=== Excerpts from a dataset ===
^^^^^^^^^^^^^^^^

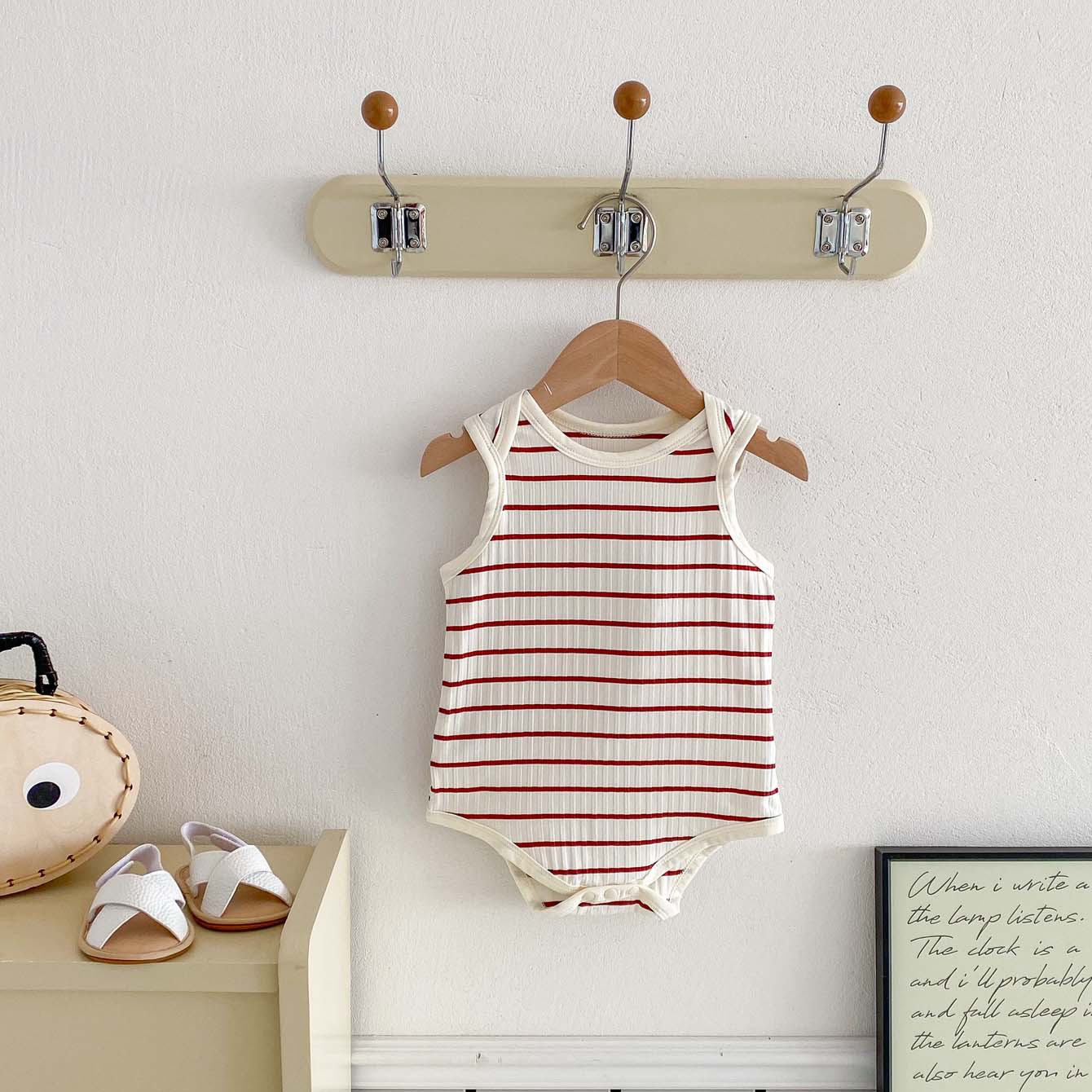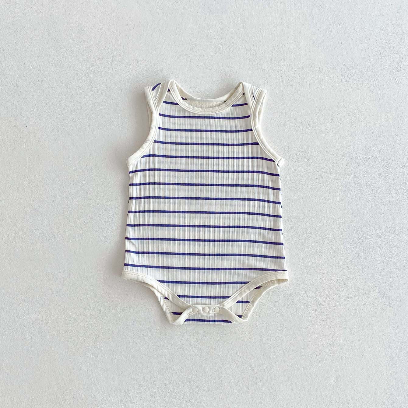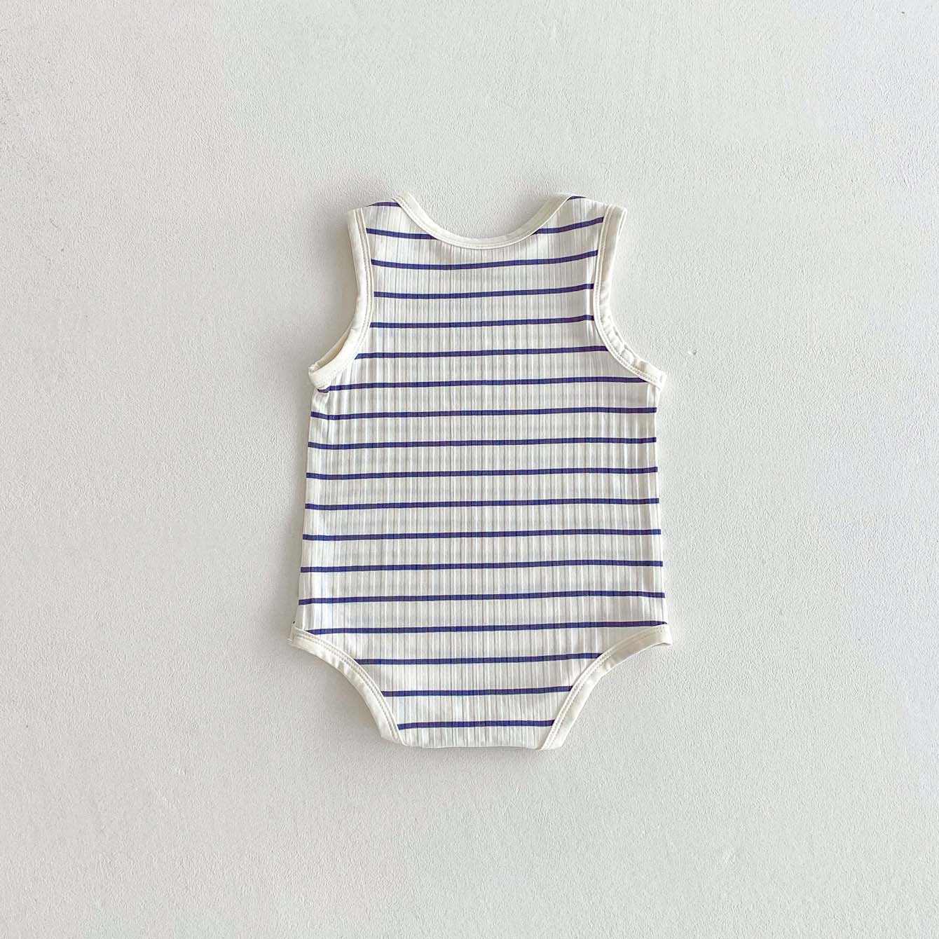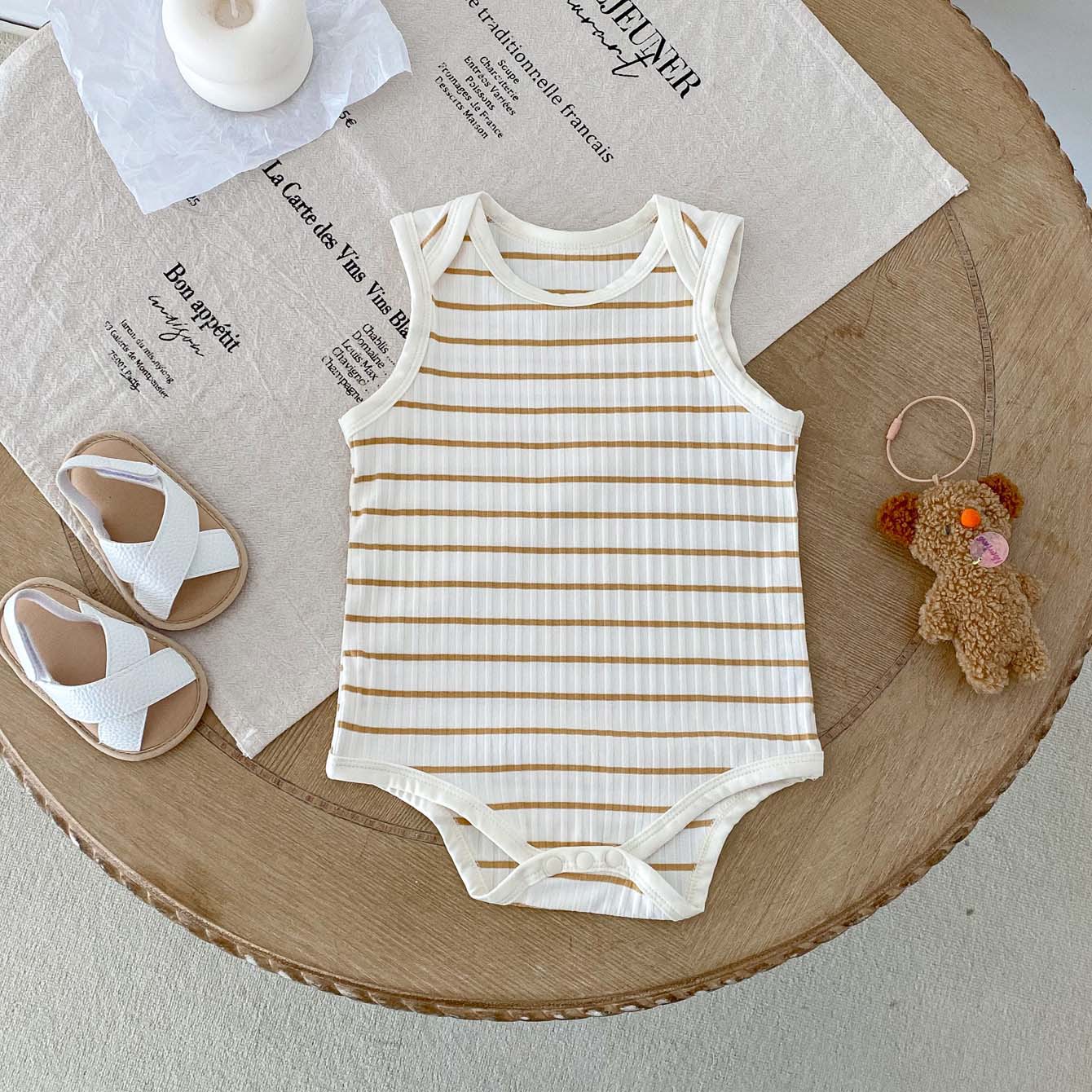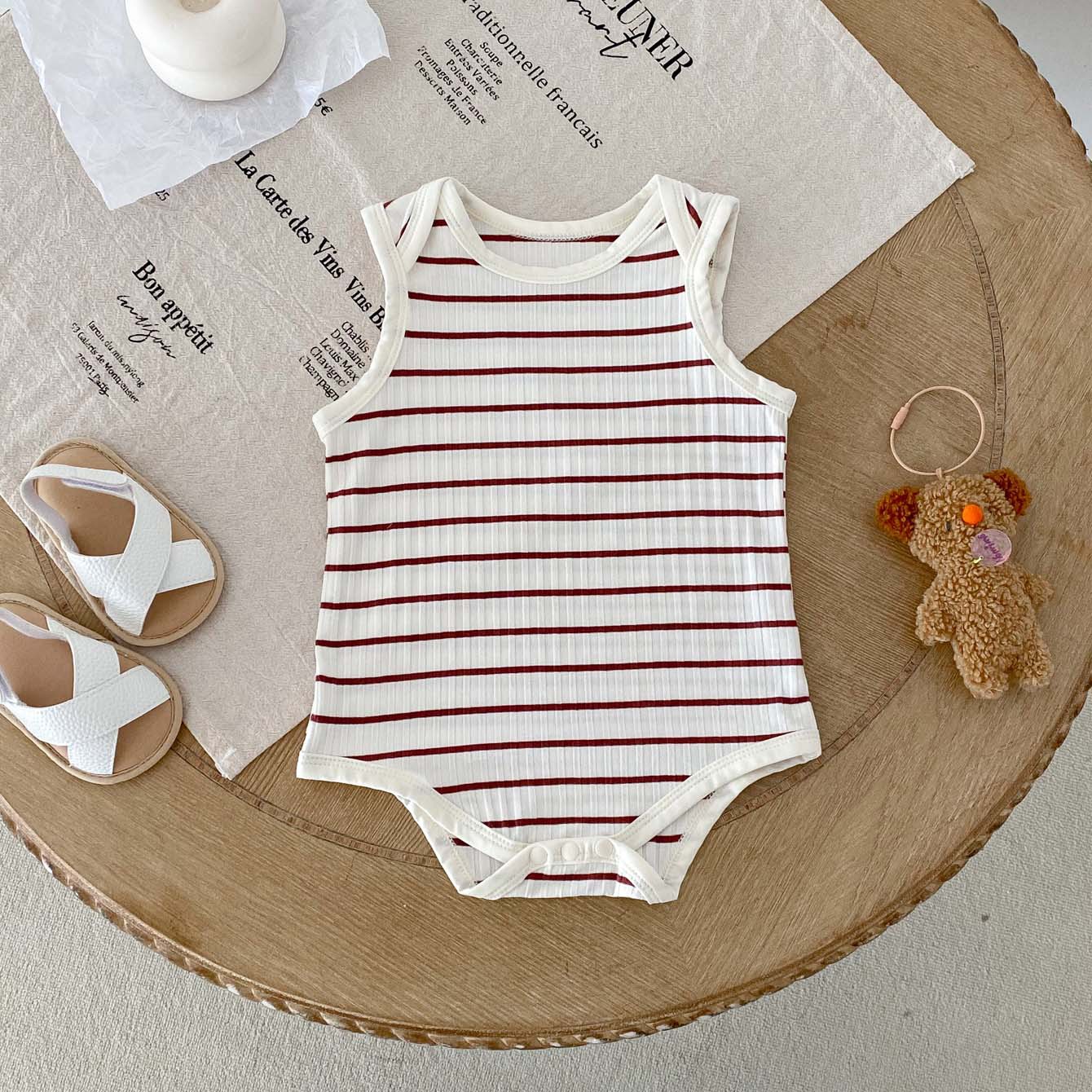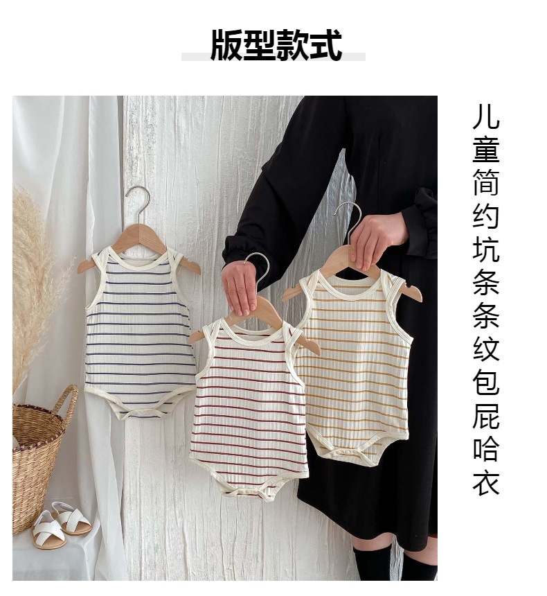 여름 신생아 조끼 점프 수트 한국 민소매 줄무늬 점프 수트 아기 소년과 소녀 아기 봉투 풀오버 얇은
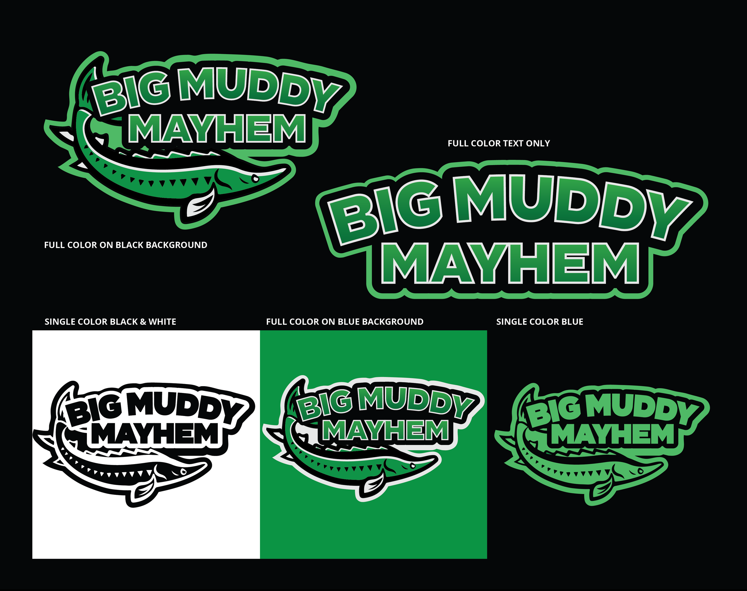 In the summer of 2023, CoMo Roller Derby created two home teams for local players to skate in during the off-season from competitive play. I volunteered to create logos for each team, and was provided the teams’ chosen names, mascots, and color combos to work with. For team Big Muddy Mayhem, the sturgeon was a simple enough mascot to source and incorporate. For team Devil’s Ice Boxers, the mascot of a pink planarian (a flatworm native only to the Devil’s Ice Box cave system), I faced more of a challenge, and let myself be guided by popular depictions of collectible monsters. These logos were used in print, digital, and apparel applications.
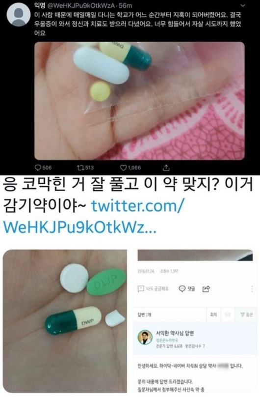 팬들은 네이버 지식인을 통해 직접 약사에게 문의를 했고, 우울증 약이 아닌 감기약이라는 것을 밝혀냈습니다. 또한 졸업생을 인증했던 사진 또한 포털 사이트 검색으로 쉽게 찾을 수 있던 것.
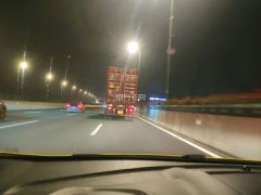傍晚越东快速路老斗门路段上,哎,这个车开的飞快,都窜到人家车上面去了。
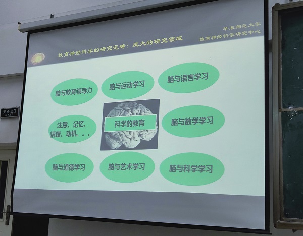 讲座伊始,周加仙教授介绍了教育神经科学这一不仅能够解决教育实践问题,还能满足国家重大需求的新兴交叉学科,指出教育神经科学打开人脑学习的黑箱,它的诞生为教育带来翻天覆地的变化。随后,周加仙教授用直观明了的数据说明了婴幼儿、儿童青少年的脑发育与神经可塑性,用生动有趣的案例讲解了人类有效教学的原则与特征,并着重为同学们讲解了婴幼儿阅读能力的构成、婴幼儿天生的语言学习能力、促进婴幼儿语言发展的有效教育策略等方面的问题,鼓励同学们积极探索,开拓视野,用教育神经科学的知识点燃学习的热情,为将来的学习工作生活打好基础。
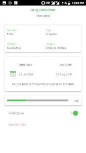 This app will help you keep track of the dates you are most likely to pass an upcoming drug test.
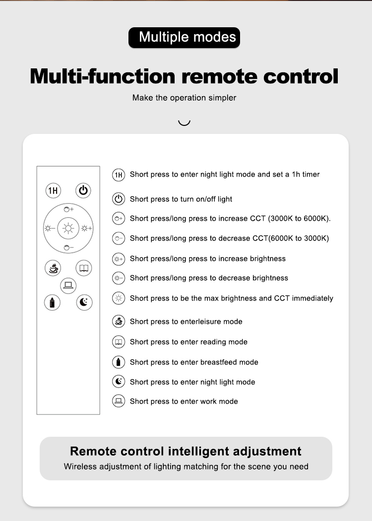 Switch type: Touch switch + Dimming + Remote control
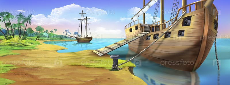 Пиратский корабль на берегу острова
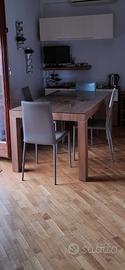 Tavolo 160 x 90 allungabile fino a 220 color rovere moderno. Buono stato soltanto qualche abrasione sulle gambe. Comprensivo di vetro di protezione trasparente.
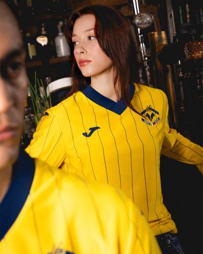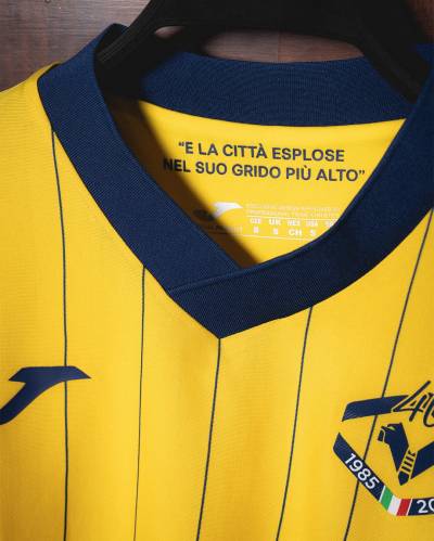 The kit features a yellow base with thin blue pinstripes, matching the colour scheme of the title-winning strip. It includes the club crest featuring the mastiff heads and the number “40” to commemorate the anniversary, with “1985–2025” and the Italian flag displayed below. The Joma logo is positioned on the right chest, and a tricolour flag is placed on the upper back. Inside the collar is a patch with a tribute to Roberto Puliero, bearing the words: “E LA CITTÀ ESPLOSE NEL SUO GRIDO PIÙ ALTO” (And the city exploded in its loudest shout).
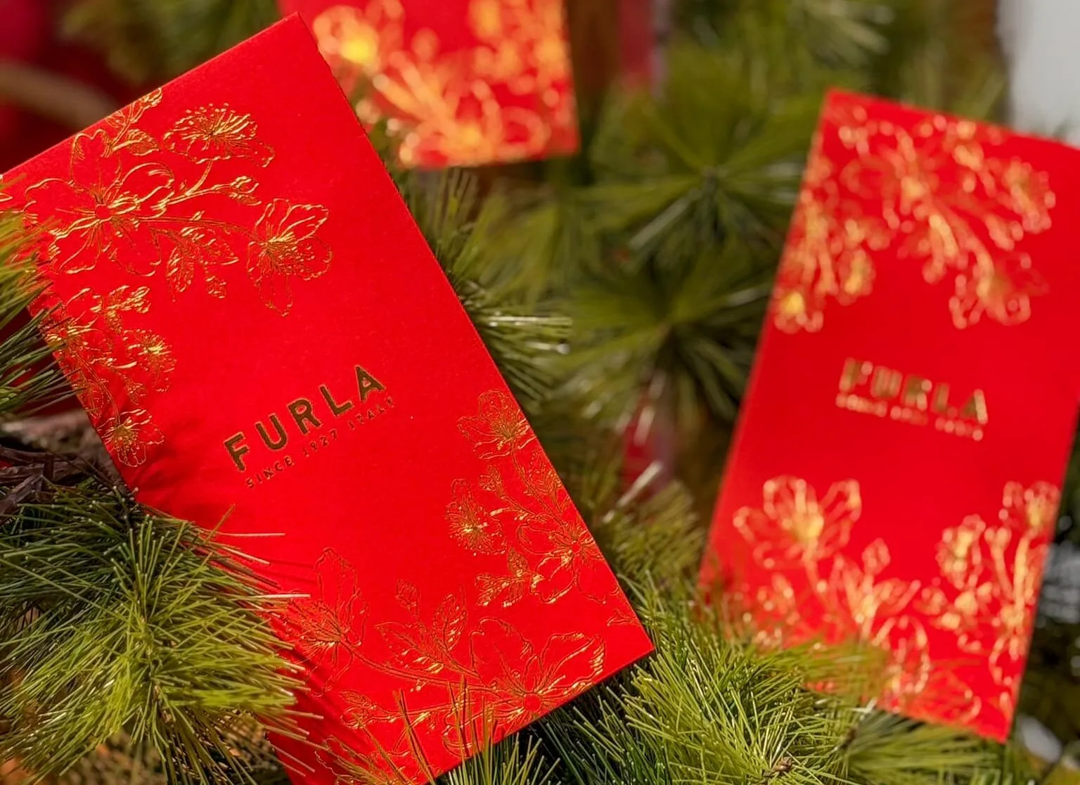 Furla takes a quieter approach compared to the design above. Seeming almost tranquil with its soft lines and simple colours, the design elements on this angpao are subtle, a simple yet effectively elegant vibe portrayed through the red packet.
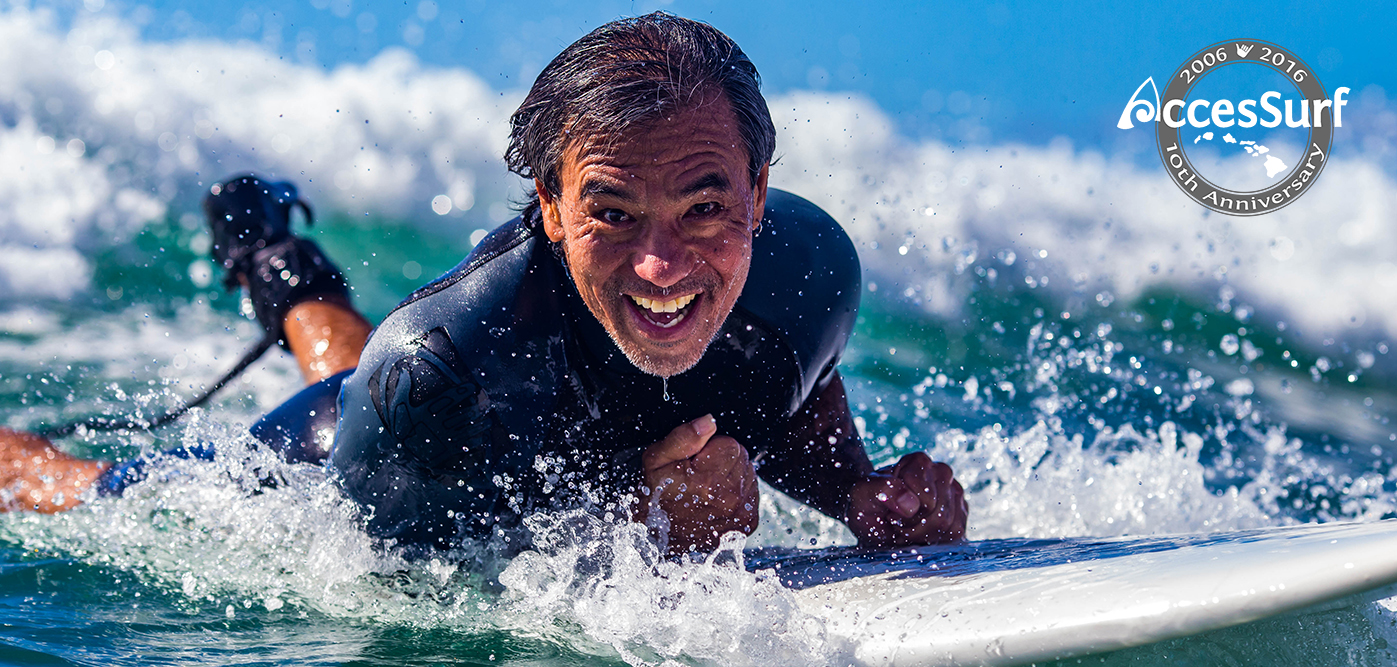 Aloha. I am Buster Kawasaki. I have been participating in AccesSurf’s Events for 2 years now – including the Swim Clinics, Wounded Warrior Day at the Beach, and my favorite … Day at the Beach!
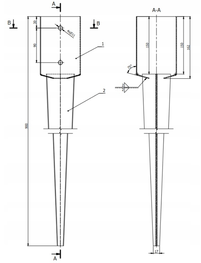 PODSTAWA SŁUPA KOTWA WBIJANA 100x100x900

^^^^^^^^^^^^^^^^

=== REQUIRED ACTION ===
What's needed is an exact copy of the lines above from the one with "傍晚越东快速路老斗门路段上,哎,这个车开的飞快,都窜到人家车上面去了。" through the one with "The kit features", both included; the pictures stay out.

=== TASK OUTPUT ===
傍晚越东快速路老斗门路段上,哎,这个车开的飞快,都窜到人家车上面去了。
 讲座伊始,周加仙教授介绍了教育神经科学这一不仅能够解决教育实践问题,还能满足国家重大需求的新兴交叉学科,指出教育神经科学打开人脑学习的黑箱,它的诞生为教育带来翻天覆地的变化。随后,周加仙教授用直观明了的数据说明了婴幼儿、儿童青少年的脑发育与神经可塑性,用生动有趣的案例讲解了人类有效教学的原则与特征,并着重为同学们讲解了婴幼儿阅读能力的构成、婴幼儿天生的语言学习能力、促进婴幼儿语言发展的有效教育策略等方面的问题,鼓励同学们积极探索,开拓视野,用教育神经科学的知识点燃学习的热情,为将来的学习工作生活打好基础。
 This app will help you keep track of the dates you are most likely to pass an upcoming drug test.
 Switch type: Touch switch + Dimming + Remote control
 Пиратский корабль на берегу острова
 Tavolo 160 x 90 allungabile fino a 220 color rovere moderno. Buono stato soltanto qualche abrasione sulle gambe. Comprensivo di vetro di protezione trasparente.
 The kit features a yellow base with thin blue pinstripes, matching the colour scheme of the title-winning strip. It includes the club crest featuring the mastiff heads and the number “40” to commemorate the anniversary, with “1985–2025” and the Italian flag displayed below. The Joma logo is positioned on the right chest, and a tricolour flag is placed on the upper back. Inside the collar is a patch with a tribute to Roberto Puliero, bearing the words: “E LA CITTÀ ESPLOSE NEL SUO GRIDO PIÙ ALTO” (And the city exploded in its loudest shout).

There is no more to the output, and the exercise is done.